▸ ACTIVITY: A faithful copy of the listing below is needed, one that contains no pictures.

▸ COLLECTED DATA:
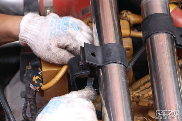 第四步:支架制作。每段不锈钢水管必须有支架支撑。支撑点必须位于:发动机、变速箱、缓速器上,不允许在车架上做支撑点。同时,水管不能与车架有直接干涉。
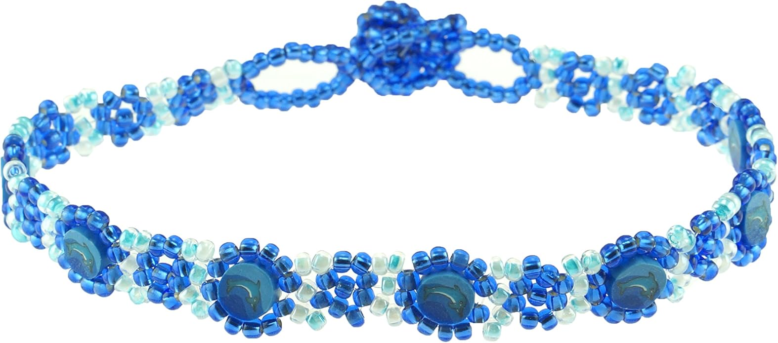 Fimo Discs with Dolphin Design on Blue Glass Seed Beads Anklet
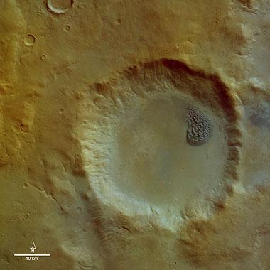 Das Bild zeigt einen Krater im nordwestlichen Randbereich des Argyre Planitia Einschlagbeckens auf dem Mars. Auf dem Boden des Kraters befindet sich ein Dünenfeld, welches aus dunklem, wahrscheinlich basaltischem (d.h. von Vulkanausbrüchen stammenden) Sand besteht. Das Kraterzentrum liegt ungefähr bei 303,2 Grad östlicher Länge und 43,9 Grad südlicher Breite. Der Krater besitzt einen Durchmesser von ungefähr 45 Kilometer und ist bis zu zwei Kilometer tief. Das Bild wurde von der hochauflösenden Stereokamera HRSC (High Resolution Stereo Camera) an Bord von Mars Express aufgenommen und vom Institut für Planetenforschung des Deutschen Zentrums für Luft- und Raumfahrt (DLR) und dem Institut für Geologische Wissenschaften der Freien Universität Berlin prozessiert. Mars Express ist eine Mission der Europäischen Weltraumorganisation ESA.

▸ RESPONSE:
 第四步:支架制作。每段不锈钢水管必须有支架支撑。支撑点必须位于:发动机、变速箱、缓速器上,不允许在车架上做支撑点。同时,水管不能与车架有直接干涉。
 Fimo Discs with Dolphin Design on Blue Glass Seed Beads Anklet
 Das Bild zeigt einen Krater im nordwestlichen Randbereich des Argyre Planitia Einschlagbeckens auf dem Mars. Auf dem Boden des Kraters befindet sich ein Dünenfeld, welches aus dunklem, wahrscheinlich basaltischem (d.h. von Vulkanausbrüchen stammenden) Sand besteht. Das Kraterzentrum liegt ungefähr bei 303,2 Grad östlicher Länge und 43,9 Grad südlicher Breite. Der Krater besitzt einen Durchmesser von ungefähr 45 Kilometer und ist bis zu zwei Kilometer tief. Das Bild wurde von der hochauflösenden Stereokamera HRSC (High Resolution Stereo Camera) an Bord von Mars Express aufgenommen und vom Institut für Planetenforschung des Deutschen Zentrums für Luft- und Raumfahrt (DLR) und dem Institut für Geologische Wissenschaften der Freien Universität Berlin prozessiert. Mars Express ist eine Mission der Europäischen Weltraumorganisation ESA.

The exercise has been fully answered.